This project is simple genome de Novo assembler based on de Brujin Graphs aproach.
- Numpy >=1.21.1
- Numba >= 0.54.0
To run genome assembler type:
$ python assembly.py reads.fasta output.fasta
In this section, we will provide a detailed explanation of how the algorithm works.
Before constructing the graph, the reads are corrected using a histogram-based approach. The corrected reads are then used to construct a de Bruijn graph with an initial value of k.
The first step in graph transformation is the replacement of unbranched paths with singular vertices. This operation, known as graph compression, helps simplify the graph structure. Following the compression, all tips (short paths with weak coverage branching from the main path of the graph) are removed. After this step, the graph is compressed once again.

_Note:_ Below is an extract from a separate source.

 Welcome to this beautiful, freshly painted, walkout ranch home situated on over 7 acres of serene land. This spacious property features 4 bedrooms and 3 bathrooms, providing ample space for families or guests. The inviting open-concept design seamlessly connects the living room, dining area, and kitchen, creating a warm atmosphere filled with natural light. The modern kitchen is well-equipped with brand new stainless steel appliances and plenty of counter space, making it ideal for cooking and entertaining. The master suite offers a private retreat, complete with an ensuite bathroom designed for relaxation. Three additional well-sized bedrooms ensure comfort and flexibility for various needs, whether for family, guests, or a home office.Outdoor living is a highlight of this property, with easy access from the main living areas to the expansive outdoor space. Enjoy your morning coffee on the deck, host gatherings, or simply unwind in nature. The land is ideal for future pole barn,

The next step involves identifying bubble structures within the graph. Bubble structures are fragments of paths with the same starting and ending node, and no other common vertices between them. A BFS-based search algorithm is employed to find these bubble structures.
Similarity between two branches of a bubble is calculated using the Needelman-Wunsch algorithm. If the similarity is high enough, the branch with weaker coverage is removed. After this pruning operation, all tips are once again removed, and the graph is compressed.

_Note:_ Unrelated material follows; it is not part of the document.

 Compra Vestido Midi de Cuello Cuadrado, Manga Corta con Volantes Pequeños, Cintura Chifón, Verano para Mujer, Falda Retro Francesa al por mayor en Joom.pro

Labels of vertices with a length greater than the input read size are appended to the corrected reads list. A new iteration then begins, this time without histogram correction but with a higher value of k. The process of graph construction, compression, tip removal, bubble detection, similarity calculation, and pruning is repeated in each iteration.
After the last iteration, the labels of vertices are returned as scaffolds. If there are too many scaffolds, a greedy heuristic is used to find paths with higher coverage, which are then utilized as scaffolds.